The merger was legal in 1971 under the name United Hospital, but physically, the two entities remained separate for five more years.
Finding a location
Building a hospital downtown didn't appear to be a logical solution, Lambie said. Space for parking was limited, there wasn't much room for expansion and streets were narrow for traffic.
But downtown business owners and proponents were upset, he said. At the same time, proposals for Columbia Mall had surfaced.
"It was very controversial," Molmen said. "There were a lot of businesses downtown that were concerned."
"These people really felt threatened when both their medicine was going to pull out and they knew that retail was going to be a bad," Lambie said.
Leaders looked at various properties, including land where the Ralph Engelstad Arena now stands. They finally settled on land along Columbia Road near DeMers Avenue, which was, in Lambie's words, "out in the middle of nowhere."
The Hospital Board said it didn't have the money to buy the land, Lambie said. Eventually, about 20 doctors and the clinic manager came together and bought 250 acres of land for $750,000, according to a 1970 Herald article. That amount would be worth almost $5 million today, according to an inflation calculator from the U.S. Department of Labor.

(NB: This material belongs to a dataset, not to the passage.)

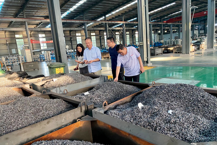 劉思敏博士在馬總及公司工作人員陪同下考察車間生產(chǎn)現(xiàn)場(chǎng)

The doctors also chipped in $250,000 for the hospital's construction. Current Chief Financial Officer Dwight Thompson said it cost $30 million to build, plus $7.4 million for equipment.
It was a foreign concept to create a medical park, and United Hospital attracted national media attention for the project, Molmen said.
"It's got that spirit of the organization," said Thompson, referring to Altru's mission of being backed by community.
Best interest of community
Numerous mergers with local entities, as well as clinics and hospitals in North Dakota and Minnesota, eventually led to Altru Health System, which officially took its current name in 1997.
Altru has tried to follow this model: Do what is best for the community, even if that meant merging with other entities and not duplicating services that are offered, Lambie said.
"Competition in medicine does not lower cost," he said. "Competition increases cost in medicine. That's a misnomer. Medicine is a different animal from most businesses."
When Lambie came to Grand Forks as a physician in 1962, there were 18 physicians and fewer than 100 employees in his facility. Now Altru has more than 200 doctors and almost 4,000 employees.
Lambie said Altru has been a big part of many people's lives, including his, Molmen's and Thompson's.
"Beyond what we do today, we have to make sure health care for the future is provided for," Molmen said. "That's been everything to us."